The minister was replying to a question about his earlier statement on Amazon and whether the company is breaking domestic laws of the sector.
"I had before me the CCI's preliminary findings. Our own office is also making queries on the various practices and I do hope and believe that if everybody can stick within the letter and spirit of the law, we won't have to go down the path of finding whether anybody is breaking the law or not but whoever makes losses will have to bring in FDI to pay for those losses," he said.
He appealed to all stakeholders in the e-commerce industry to work within the letter and the spirit of the law and said, "I am sure it would look good for everybody".

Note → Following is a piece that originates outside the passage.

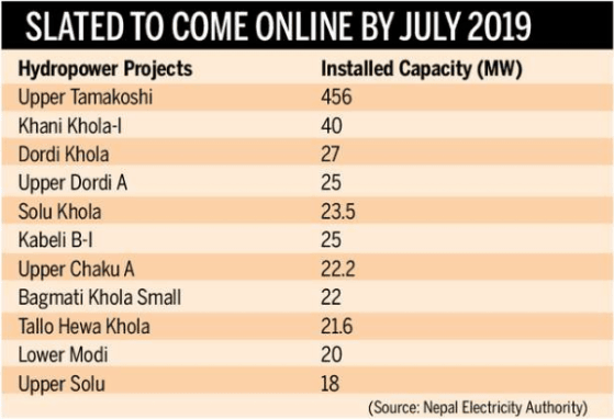 計劃上線的水電站是456兆瓦上Tamakoshi,40兆瓦Khani Khola-I,27兆瓦Dordi Khola,25兆瓦上Dordi A,23.5兆瓦Solu Khola,25兆瓦Kabeli BI,22.2兆瓦上Chaku A和22兆瓦巴格馬蒂科拉小,等等。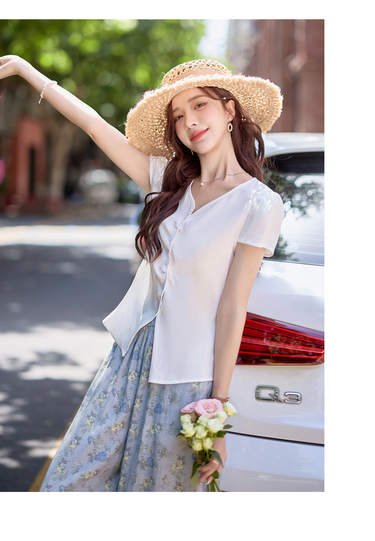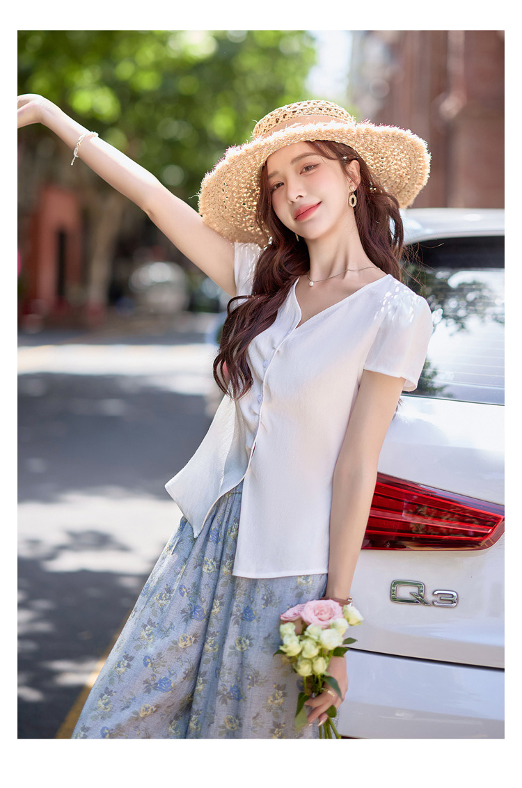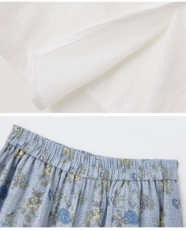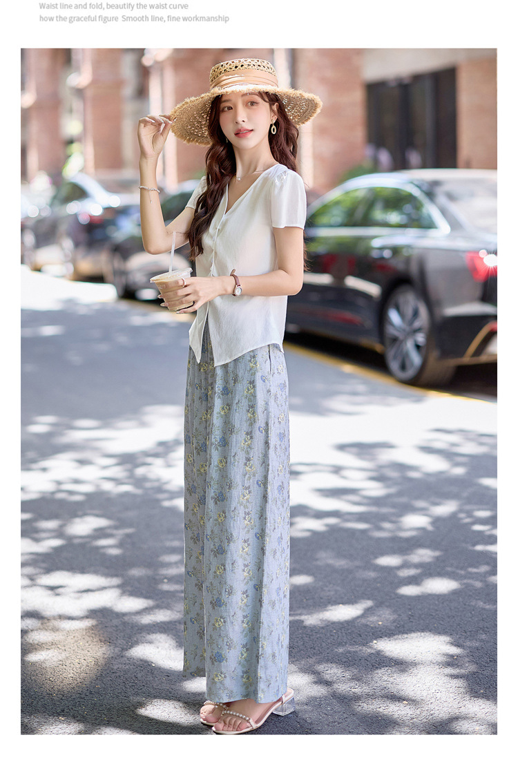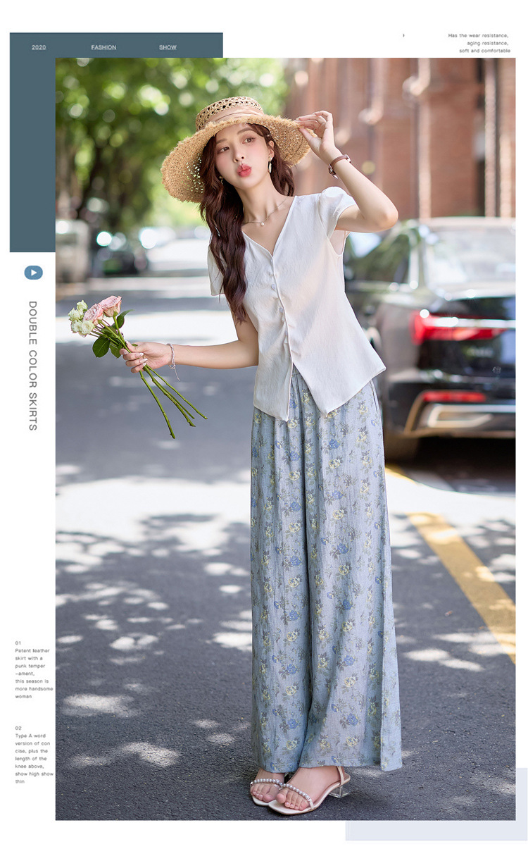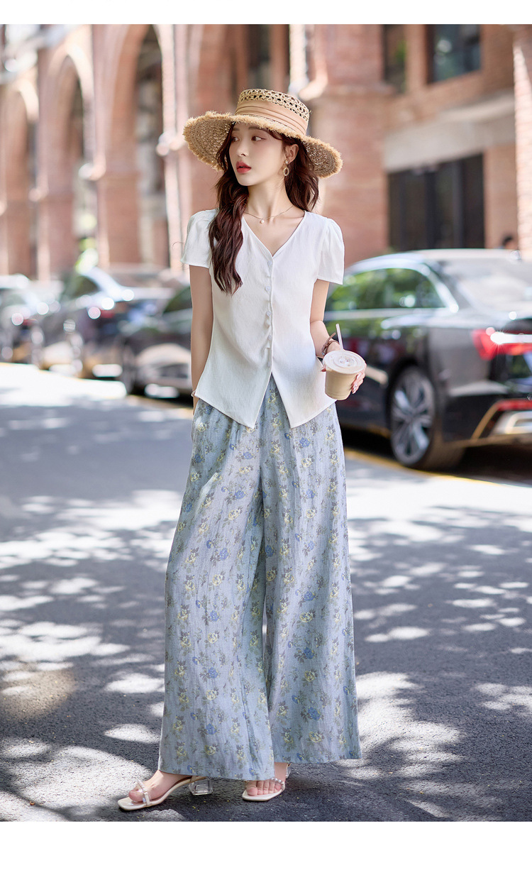 夏日绝美穿搭2025韩系气质抽褶短袖上衣温柔显瘦印花阔腿裤两件套 NSYY66136

"Promises of a certain number of people benefitting from e-commerce are very attractive, but it cannot be at the cost of a '10X' number of people suffering the consequences of practices which are not allowed and certainly a trillion dollar company, competing with small retailers whose total capital may be a lakh of two lakhs of rupees is a very, very unfair competition," he said here at the Times Now Summit.
It is the government's job and duty to protect the interests of every small stakeholder in the sector, he added.
The minister said that the government allowed foreign direct investment (FDI) in e-commerce for marketplace model, in which a firm is supposed to work as an agnostic platform by providing buyers and sellers, an opportunity to transact on that platform.
"The platform cannot have a preferred supplier, it cannot determine the pricing, the platform cannot have control on the inventory, a platform cannot push buyers to sell and in that context, when a certain e-commerce company makes a loss of lets say over Rs 6,000 crore on a turnover of Rs 5,000 crore. Right. It certainly doesn't look and feel and smell right. Right?
"Very clearly a platform which has to be agnostic and encourage buyers and sellers to participate in a fair trade, cannot make a loss of Rs 6,000 crore on a turnover of Rs 5,000 crore," he added.
Goyal said obviously if the company makes a loss of Rs 6,000 crore, they have to bring in money to pay for that loss. That is the context in which "I made that statement (on January 16)," he said.
He also said that the e-commerce policy very categorically has allowed only business-to-business transaction, so online retailers were never expected to be "a let's say a hidden way or a surreptitious way to enter multi-brand retailing".
Domestic traders body CAIT has time and again alleged that e-commerce players, including the US firm, were violating FDI rules and following predatory pricing in India. India does not allow foreign investment beyond 49 per cent in multi-brand retailing and has not yet approved any application of overseas retailers.
On January 17, the world's largest online shopping platform Amazon announced plans to create one million new jobs in India over the next five years.
Amazon founder and CEO Jeff Bezos, who was in India that month, had announced $1 billion (over Rs 7,000 crore) investment in the country to help bring small and medium businesses online and committed to exporting $10 billion worth of India-made goods by 2025.